Su herencia, que está presente también en constructores meticulosos y ensimismados como Carlos Mijares, fue recogida muy significativamente por Ricardo Legorreta, un discípulo y colaborador de Villagrán que enriqueció las formas racionales de este con el cromatismo rotundo y las texturas rusticas de Barragán, y que tuvo la ocasión de trabajar, en obras como el Hotel Camino Real, con Mathias Goeritz, un escultor que había sido igualmente colaborador de Barragán en las torres de Ciudad Satélite. Legorreta, que ha construido numerosas obras en los Estados Unidos, es hoy el arquitecto de mayor éxito comercial y de mayor prestigio internacional de México.

La difícil identidad

Aunque las nuevas generaciones transitan en general por derroteros más próximos a la vanguardia anglosajona, lo cierto es que el monumentalismo azteca de Teodoro Gonzalez de Leon y la plástica cosmopolita de Ricardo Legorreta representan actualmente los dos polos más reconocibles del debate mexicano: la exaltación patriótica de la identidad nacional a través de los encargos públicos, y la promoción mediática de la personalidad individual a través de los encargos privados. Entre la solemnidad procesional del Palacio de Justicia Federal o la retórica escultórica del Fondo de Cultura Económica, y el intimismo colorista del Museo de Monterrey o la elegancia volumétrica y cromática del conjunto Solana, construido para la compañía IBM en Texas, existe una distancia ideológica y simbólica que explica bien tanto las dificultades para realizar un balance del pasado cultural en las exposiciones de Bruselas —que permanecerán abiertas hasta el último día del año—, como los obstáculos para alcanzar una visión unánime del futuro económico que se debate en Washington a partir del próximo 18 de noviembre. 

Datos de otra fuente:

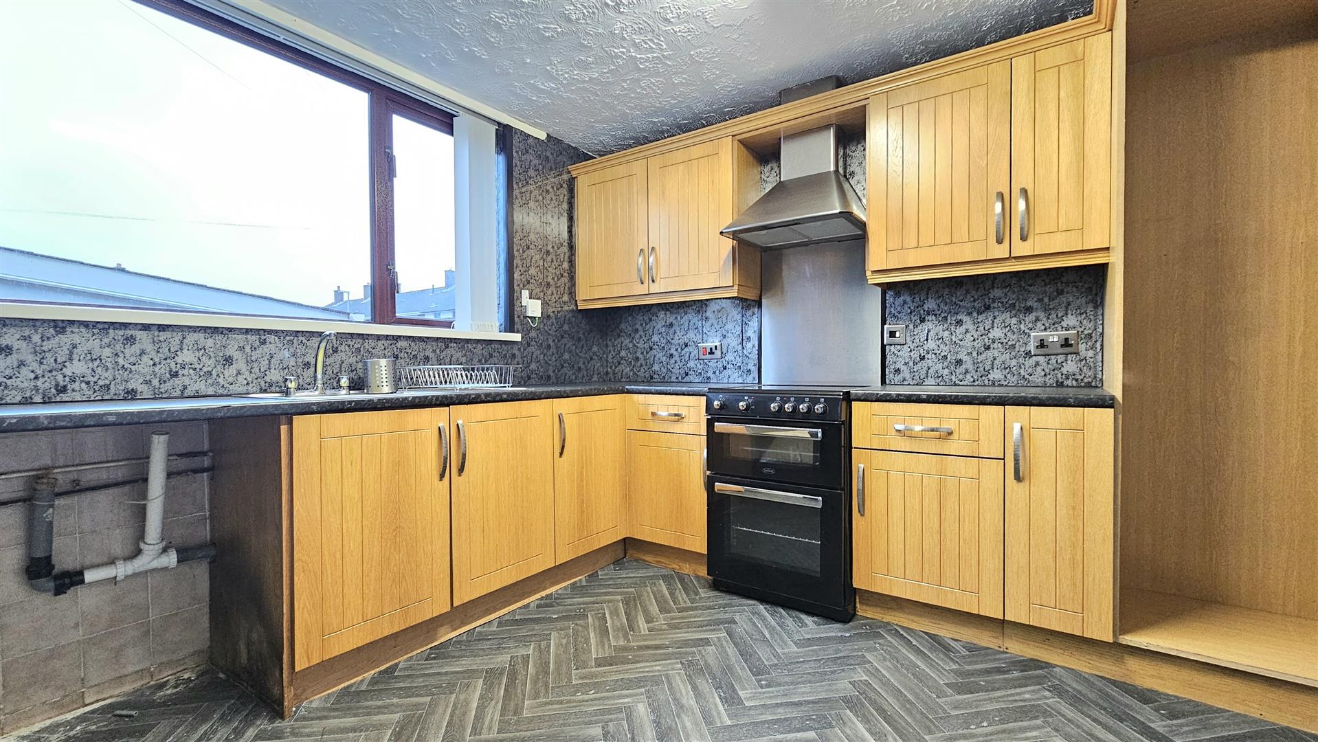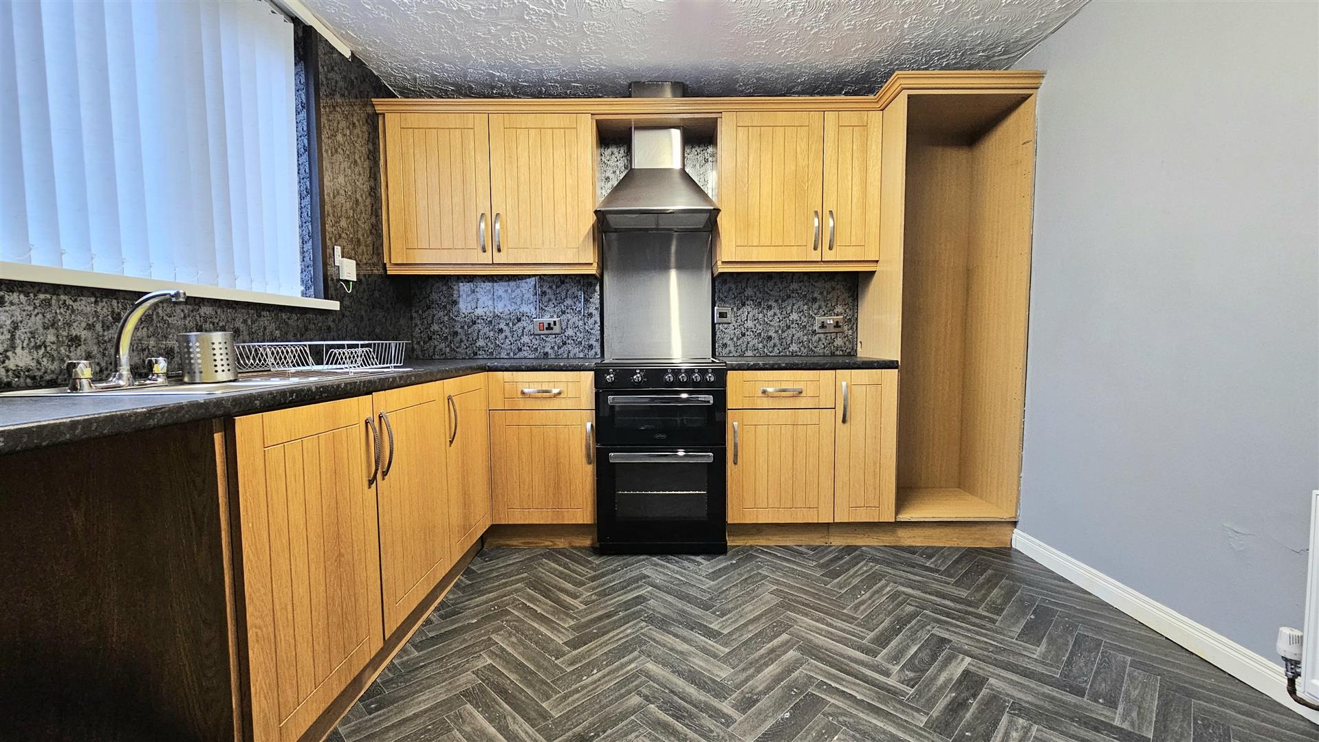 Double glazed window to rear aspect, double glazed door to rear garden, range of oak style high & ow level units with roll edge worktops, inset stainless steel sink & drainer with mixture tap over, stainless steel chimney style extractor fan & stainless steel splash back, plumbed for washing machine, radiator, understairs storage

Octavio Paz, el poeta mexicano que tan admirablemente reconcilia en su persona y en su obra la herencia indígena y la española, la tradición y la innovación, la voluntad de afirmación nacional y el espíritu cosmopolita, escribió en 1949: ≪Hoy lucho a solas con una palabra. La que me pertenece, a la que pertenezco: ¿cara o cruz, águila o sol? ≫ Casi medio siglo después, dejando atrás el laberinto de la soledad, los mexicanos siguen formulándose el mismo interrogante.